On Mon, Apr 16, 2001 at 12:57:21PM +0200 or so it is rumoured hereabouts, 
Nils Philippsen thought:
> On Sun, 15 Apr 2001, Lothan wrote:
> 
> > On a complete different tangent, I never did understand how folks in the UK
> > could tolerate metered service for local calls. It just seems so...
> > uncivilized. Of course, I was born and bred in the USA so I come from a
> > completely different background and point of view.
> 
> (It's similar in Germany:) It's not that you have much of a choice when
> you're more or less forced to use what the monopoly gives to you. For
> instance the German Telekom (former state monopoly gone public) owns the
> last mile to the customer (and many of the smaller telcos have to lease
> their lines even for long distances). They charge the other telcos a) a
> fixed rate because they provide the wire and b) by the minute/second if
> they use those lines (e.g. even if I switched to another telco completely,
> Telekom would get it's share metered). Not much of an incentive for the
> other telcos to give me unmetered access or a flat rate, is it? A while
> ago they were obliged to open up the flat rate they gave to their own
> online service T-Online to other telcos as well -- instead of doing this
> they just ditched all modem/ISDN flat rates completely (and told their
> customers how much better it is to pay many times over the flat rate).
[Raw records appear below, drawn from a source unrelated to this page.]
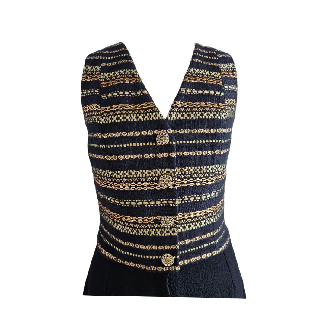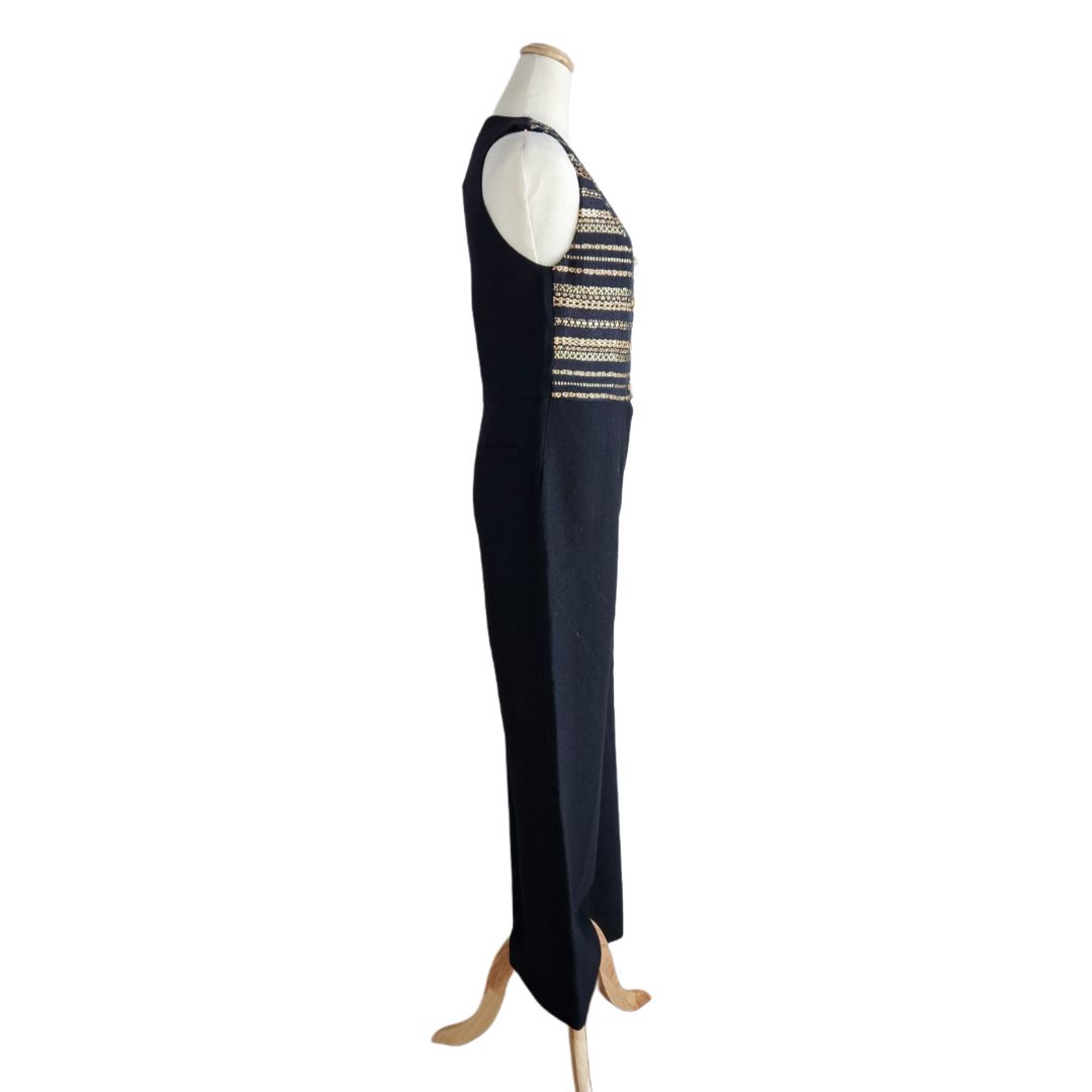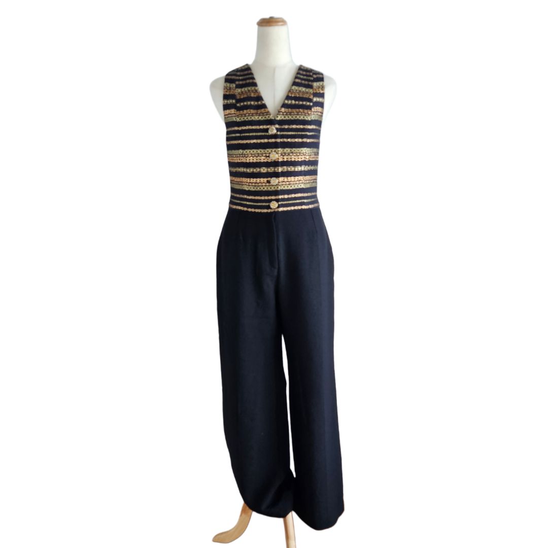 Ingie Black/Gold Sleeveless Button Embroidered Detail Jumpsuit
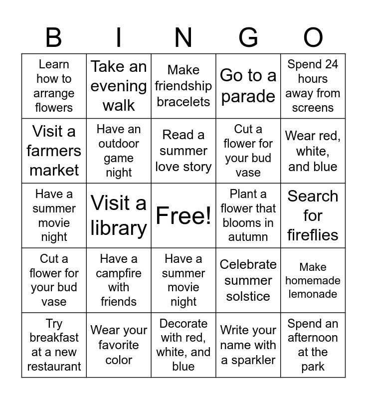 This bingo card has a free space and 82 words: Bake a dessert with fresh berries, Search for wildflowers, Make friendship bracelets, Take an evening walk, Try a new sandwich, Read a summer love story, Try a new ice cream flavor, Go to an outdoor concert, Make an orange julius, Dip your feet in the water, Search for fireflies, Wear your favorite color, Have an outdoor game night, Plant a flower that blooms in autumn, Have a campfire with friends, Learn how to arrange flowers, Try breakfast at a new restaurant, Visit a farmers market, Celebrate summer solstice, Plant a windowsill garden, Thrift a bud vase, Cut a flower for your bud vase, Spend an afternoon at the park, Spend 24 hours away from screens, Visit a library, Try a recipe with edible flowers, Read a book under a tree, Visit a local fair, Make a summer playlist, Go berry picking, Have a campfire with friends, Display an American Flag outside, Have a summer movie night, Write your name with a sparkler, Bake star shaped cookies, Decorate with red, white, and blue, Watch a fireworks show, Try a new ice cream flavor, Wear red, white, and blue, Make homemade popsicles, Make homemade lemonade, Go to a parade, Bake a dessert with fresh berries, Search for wildflowers, Make friendship bracelets, Take an evening walk, Try a new sandwich, Read a summer love story, Go to an outdoor concert, Make an orange julius, Dip your feet in the water, Search for fireflies, Wear your favorite color, Have an outdoor game night, Plant a flower that blooms in autumn, Have a campfire with friends, Learn how to arrange flowers, Try breakfast at a new restaurant, Visit a farmers market, Celebrate summer solstice, Plant a windowsill garden, Thrift a bud vase, Cut a flower for your bud vase, Spend an afternoon at the park, Spend 24 hours away from screens, Visit a library, Try a recipe with edible flowers, Read a book under a tree, Visit a local fair, Make a summer playlist, Go berry picking, Display an American Flag outside, Have a summer movie night, Write your name with a sparkler, Bake star shaped cookies, Decorate with red, white, and blue, Watch a fireworks show, Try a new ice cream flavor, Wear red, white, and blue, Make homemade popsicles, Make homemade lemonade and Go to a parade.
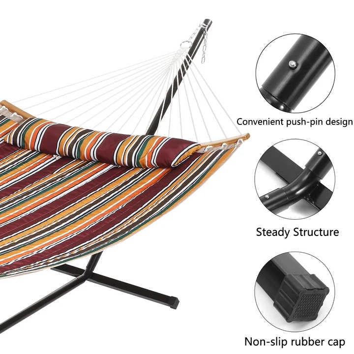 L'assemblage de hamacs de camping en nylon portable de ce hamac est très simple, aucun outil n'est nécessaire. Une fois le support assemblé, le hamac peut être accroché directement au crochet directement et il peut également être facilement démonté.

And I thought mainland Europeans had it nice already.  Here in Ireland,
the "local loop unbundling" as it's called is busily failing to happen.
The (formerly state-run) telecoms monopoly "eircom" has been on the brink
of rolling out ASDL for about the last three years and is still delaying.
Their main fear is that it will impinge greatly on their corporate "leased
line" business (I've no idea how much my company pays for a 128K internet
24/7 connection but it's big).  That and the fact that, once they roll out
the service, they'll have to give the other telcos access to the "last
mile".  A number of telcos offered flat rate (one off-peak for ~25 euros
per month another 24/7 @56k for ~25 euros per month) but the first, which 
has to rent from eircom has closed this service to new accounts while the
second, which has its own (cable tv) network was rolling out a fibre
network to supply this but has halted the rollout until the risk of tv and
telecoms service from eircom is resolved (if the current monopoly is
allowed to supply the same products that this telco provides, they'll find
it very hard to attract customers away, though I think there's enough
people pissed off with eircom that they'll move to another telco just to
give eircom a kick in the ass.  

OTOH, this same eircom perpetrated the biggest government sponsered con in 
recent times.  The company went public some time back with a huge public 
campaign to get the general public to buy shares.  One of the main ideas 
behind this was to get shares spread out over as much of the population as 
possible so they'd have an interest in the well-being of eircom.  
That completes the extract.